The signal realizes the storage of data while remaining in a specific time period as it flows 
through the input gate, output gate, and forget gate in turn. The neural network's LSTM structure 
shows that the input variable immediately travels horizontally from input to output. In a result, the 
error in prediction will begin to rise before increasing suddenly in direct proportion with the previous 
occurrence in the prediction model[7]. The LSTM prediction accumulation error in the forecasting for 
the regular demand for electricity. The data set used for training for the short-term load forecasting 
approach usually lasts a day or an entire week. 


2. Bi-LSTM 


A bidirectional LSTM is recommended here to deal with the accumulative error problem, which 
is shown in Figure 3. The two layers of LSTM structure which make up the bidirectional LSTM 
neural network are used to calculate the hidden vector from the front to the back and from the back to 
the front, accordingly. These two layers regulate the output of the bidirectional LSTM neural network. 
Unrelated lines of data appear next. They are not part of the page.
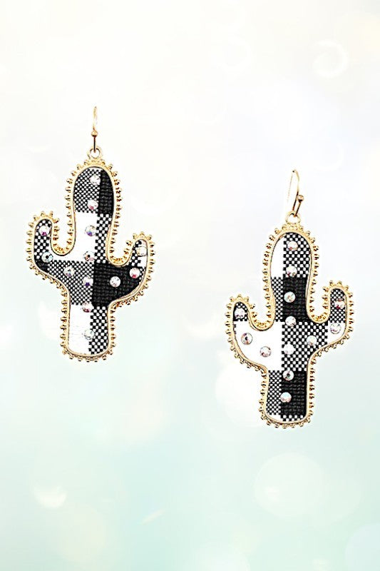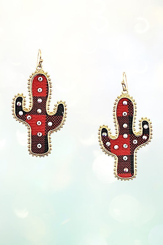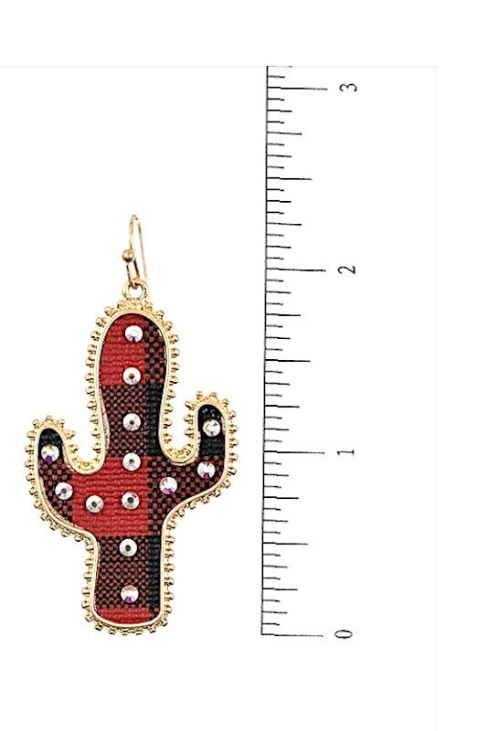 cactus, western, cowgirl, plaid, plaid print, gem accent, dangle,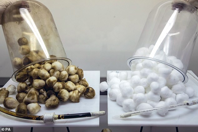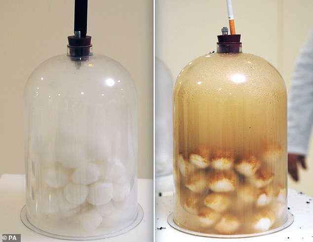 Γέμισαν λοιπόν δύο μεγάλες γυάλες με κομμάτι βαμβάκι και με ένα ειδικό σύστημα στη μία έβαζαν το καπνό από ένα κανονικό τσιγάρο και στην άλλη τον ατμό από ένα ηλεκτρονικό.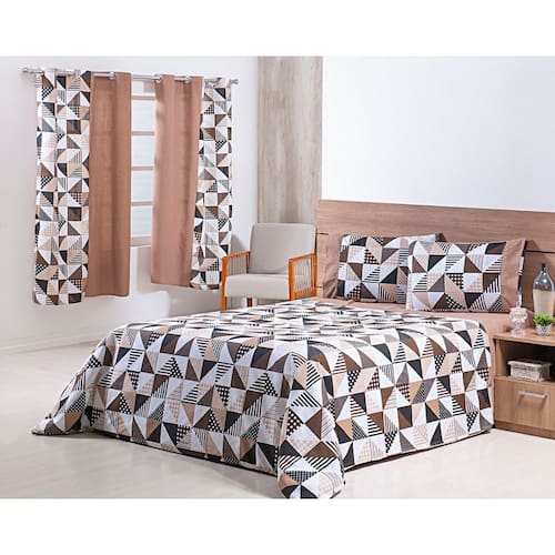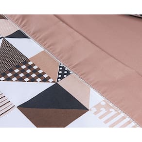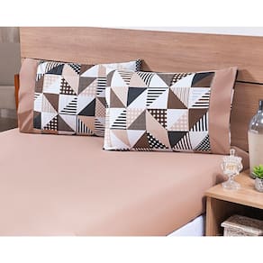 Jogo Lençol 4 Peças Cama Viúva 1,88mx1,28mx30cm 100% Algodão 180 Fios Geométrico Cáqui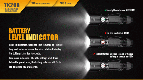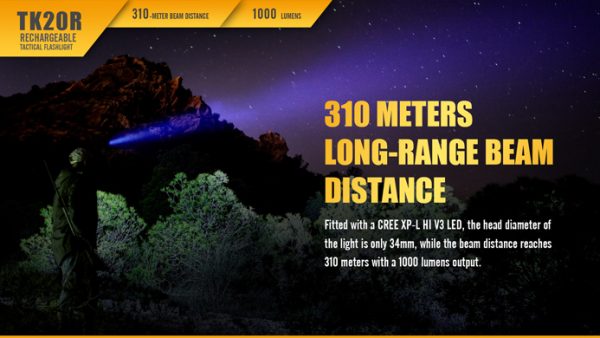 Фенерът Fenix TK20R е заряден, създаден да бъде винаги под ръка, предлагайки компактни размери, отлично представяне дори и в сурови условия, за спешни и ежедневни приложения. Fenix TK20R се отличава с вградения USB порт и зарядната батерия, която може да се подмени и също така да се зарежда чрез USB входа. Освен това е устойчив на вода, драскотини, удари, пясък, прах, топлина и студ.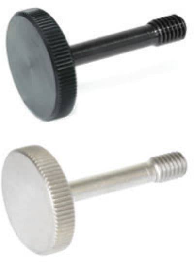 JW Winco, A Ganter Company (New Berlin, WI), offers GN 653.2 steel and stainless steel flat knurled thumb screws with recessed stud for loss protection. When using, instead of a tapped and bored hole, it is necessary to provide tapped bores with a thread on each of the two elements to be assembled. Additionally, a clearance bore on one or both sides is required. The steel thumb screw body with a black oxide finish has tensile strength of class 5 and the visible face is fine turned. The stainless steel version is made of 303 stainless steel and comes with a matte, shot-blasted finish.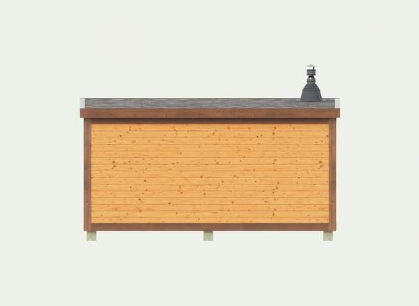 Поверх укладывается доска по длинной части кровли 100x25 мм с шагом 33 см, материал хвоя, ест. влажности. Покрытие кровли - профлист, размер листа 1200х2000 мм, толщина 0,45 мм, цвет на выбор - коричневый, серый, бордовый и зеленый, лобовая доска 200x20 мм камерной сушки, строганая. Покрытие кровли всегда можно заменить на другой материал, цены уточняйте. По краям кровли крепится торцевая планка из оцинкованного металла с полимерным покрытием.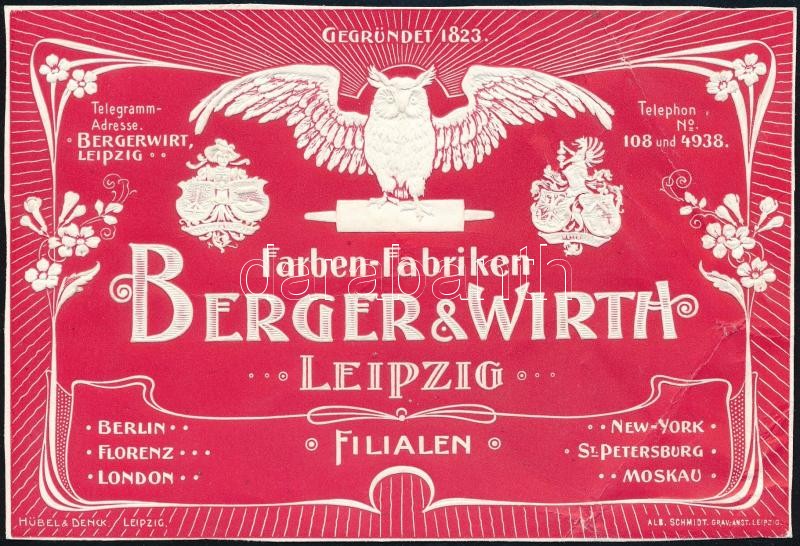 Berger & Wirth Farben-Fabriken Leipzig dombornyomott reklámcédula,...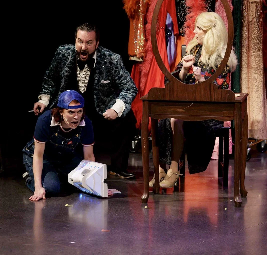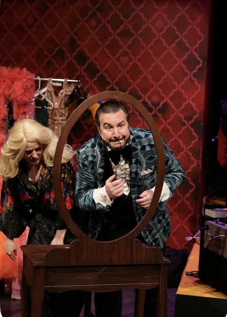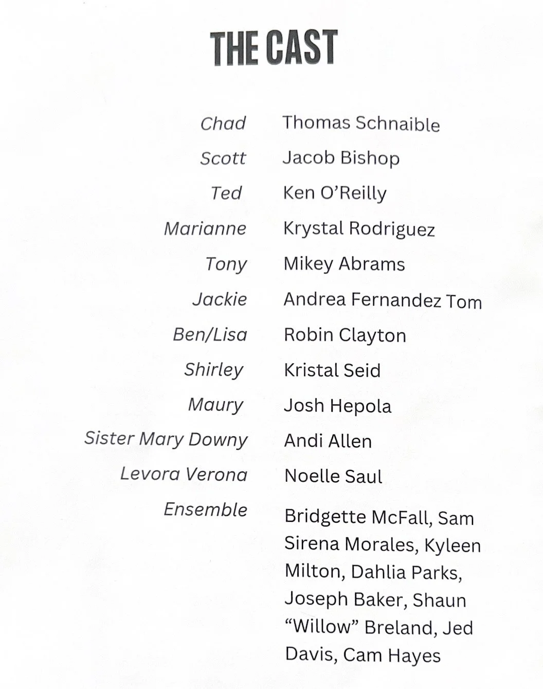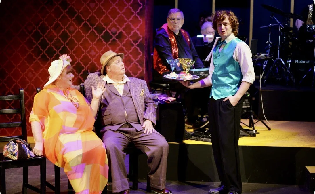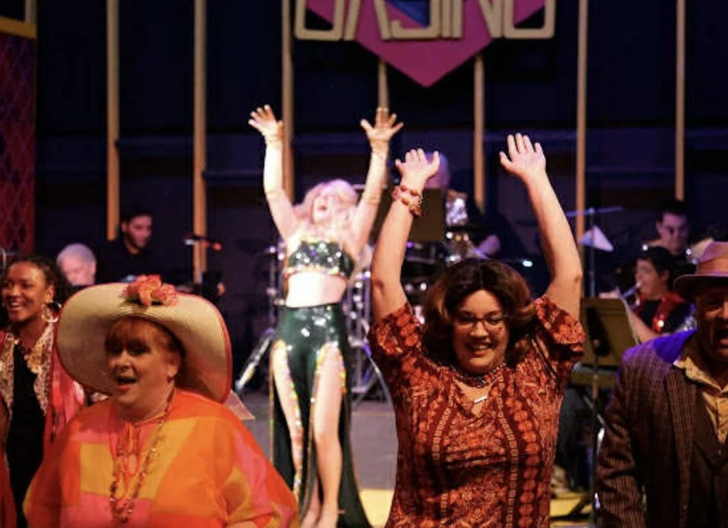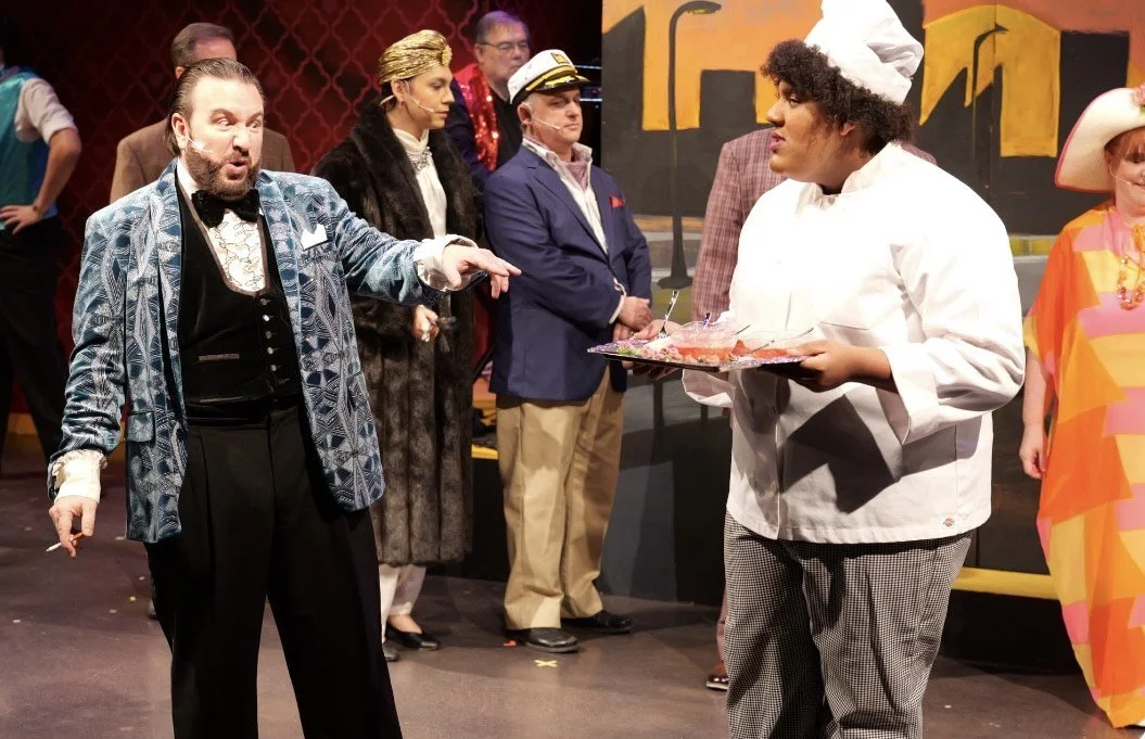 Mikey Abrams is Tony Del Vecchio, the unscrupulous, womanizing owner of the floating casino. Abrams is so brilliantly immersed in this sleazy, cocky, money-grubbing con man that I could barely recognize my favorite realtor. He makes the dastardly character a delight to watch. Andrea Fernandez Tom is the aging cabaret singer Jackie. Jackie, the mother of twins and still attractive, hopes that her current boyfriend Tony will finally be the one. She’s not the brightest bulb on the marquee and Tom captures all of Jackie’s exasperation and loveable ditziness. She also gets to belt out that most well-known of 70’s anthems, “I Will Survive.” As Jackie’s twins Ben and Lisa, Robin Clayton is a marvel of comic timing, often changing from one twin to another in a matter of seconds. In one of the best and funniest scenes in the show, the twins perform a trio of “When Will I Be Loved” with their mother and Clayton’s performance as two thirds of the trio drew extended applause from the audience.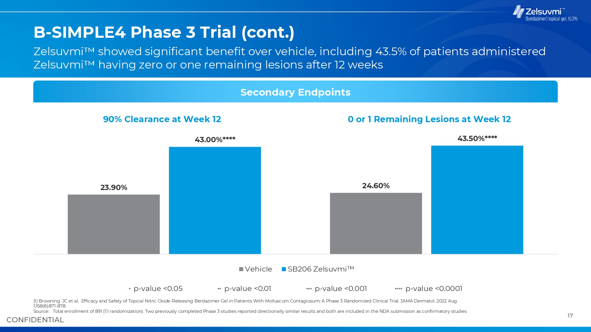 B-SIMPLE4 Phase 3 Trial Complete clearance is hard to achieve due to the nature of molluscum and similar dermatological conditions Percentage of Subjects With Complete Clearance of Treatable Lesions Primary Efficacy Endpoint at Week 12 “…an exit interview revealed that 23 of 30 patients or caregivers in BSIMPLE4 who did not achieve complete clearance considered the lesion count reduction at week 12 to be meaningful”(1) N= 891 Subjects 32.40%** 19.70% 19.60%* 11.60% Week 8 Vehicle * p-value <0.01 SB206 Zelsuvmi ** Week 12 p-value <0.0001 (1) Browning JC, Cartwright M, Thorla I Jr, Martin SA, Olayinka-Amao O, Maeda-Chubachi T. A Patient-Centered Perspective of Molluscum Contagiosum as Reported by B-SIMPLE4 Clinical Trial Patients and Caregivers: Global Impression of Change and Exit Interview Substudy Results. Am J Clin Dermatol. 2023 Jan;24(1):119-133. doi: 10.1007/s40257-022-00733-9. Epub 2022 Oct 26. PMID: 36287306; PMCID: PMC9870829.. Source: Total enrollment of 891 (1:1 randomization). Two previously completed Phase 3 studies reported directionally similar results and both are included in the NDA submission as confirmatory studies. Data on File. Pelthos.. 2025. CONFIDENTIAL 16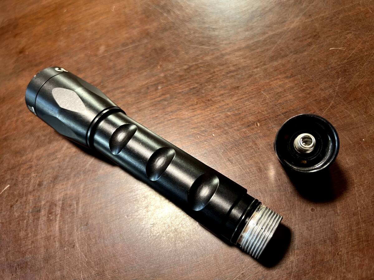 バッテリーを3つ使用するタイプで、テールスイッチで15ルーメンと1000ルーメンの切り換えが可能。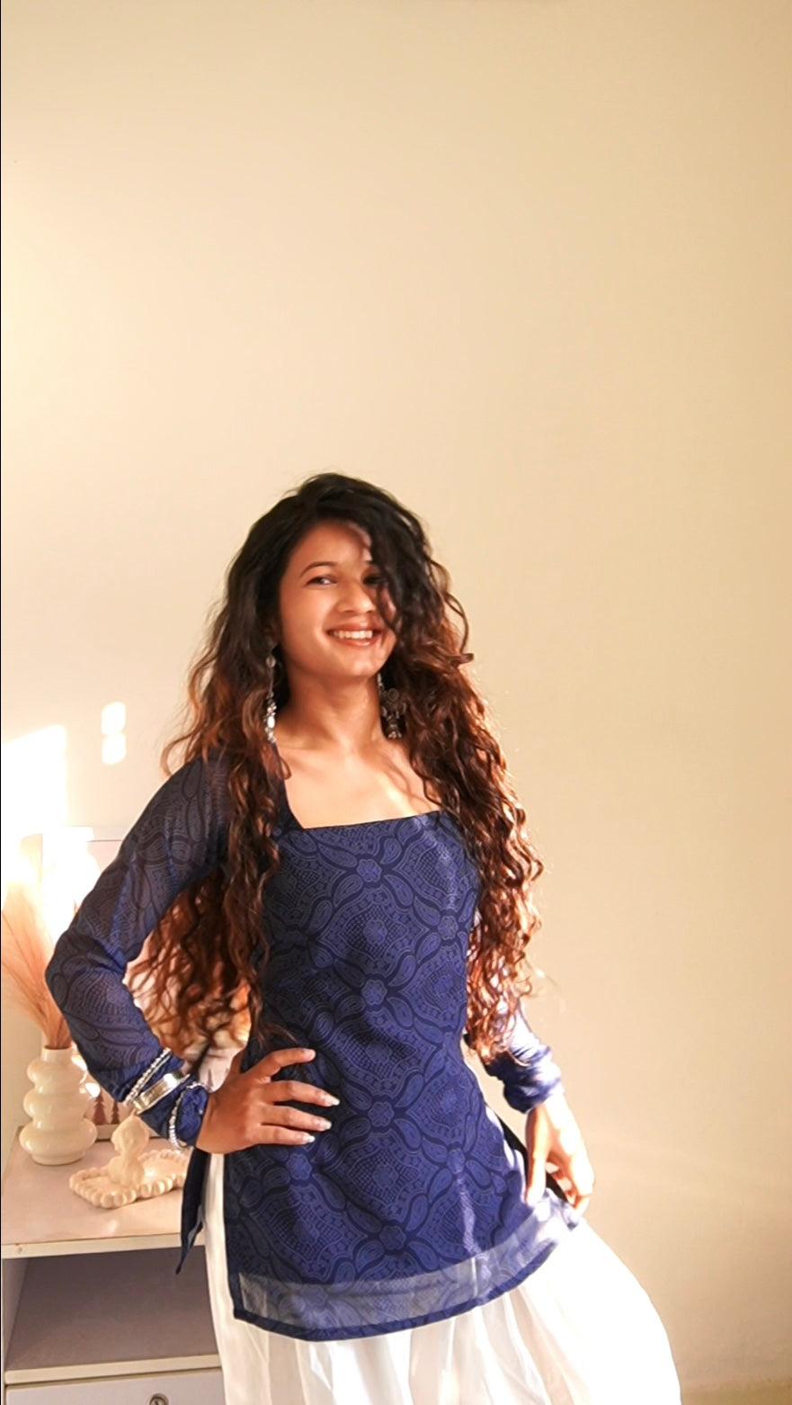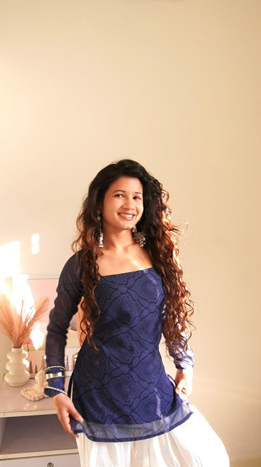 This dark blue georgette kurti features a stylish square neckline and full sleeves, offering a breezy, elegant look.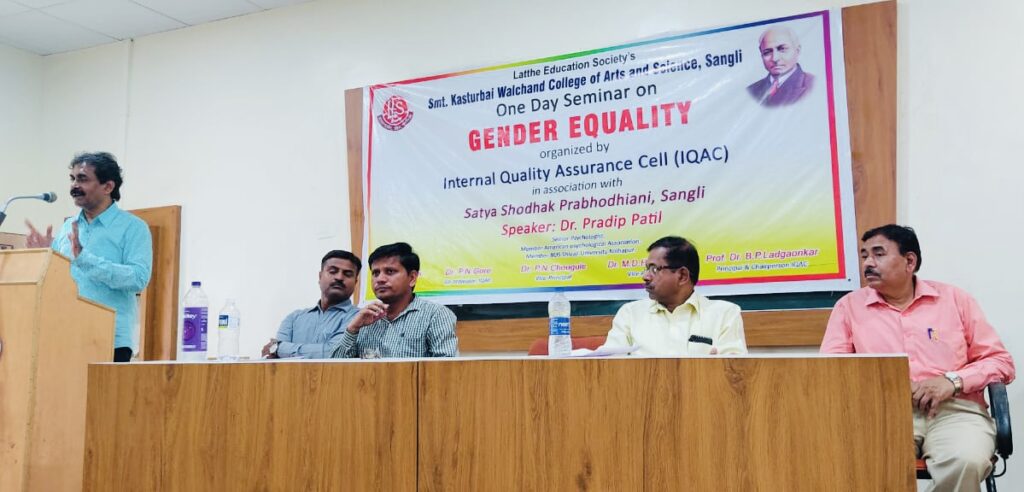 सांगली : तरुणपिढीच्या लिंगभाव समानता या विषयासंदर्भातील जाणीवा अधिक व्यापक व्हाव्यात आणि स्त्री–पुरुष नातेसंबांतील जबाबदारीची, कर्तव्याची व परस्पर बाधींलकिची जाणीव जागृती त्यांच्यामध्ये निर्माण व्हावी या हेतूने सत्यशोधक प्रबोधनी संलग्न युवा विकास प्रबोधिनी सांगली आणि श्रीमती कस्तुरबाई वालचंद महाविद्यालय सांगली यांच्या संयुक्तविद्यमाने “लिंगभाव समानता आणि स्त्री–पुरुष नातेसंबंध” विषयावर व्याख्यानाचे आयोजन करण्यात आले होते. या व्याख्यानाचे मार्गदर्शक म्हणून सुप्रसिद्ध मानसोपचार तज्ज्ञ डॉ. प्रदिप पाटील उपस्थित होते.

The standard feed-forward mechanism neural network is unique from the bidirectional LSTM neural 
network. In a bidirectional LSTM, the internal nodes in each layer have no connection to one another. 
With the goal to improve the association of single pieces of information in multiple-time series, a 
directional loop is included in the connection of hidden layers, foregoing data; outcomes are learned 
and stored in the memory unit. Combining the previous output to the current input produces the neural 
network's current output. However, due to a lack of delay window width, there currently are going to 
be gradient disappearance and gradient explosion issues when the time series' input data grows in 
volume[8].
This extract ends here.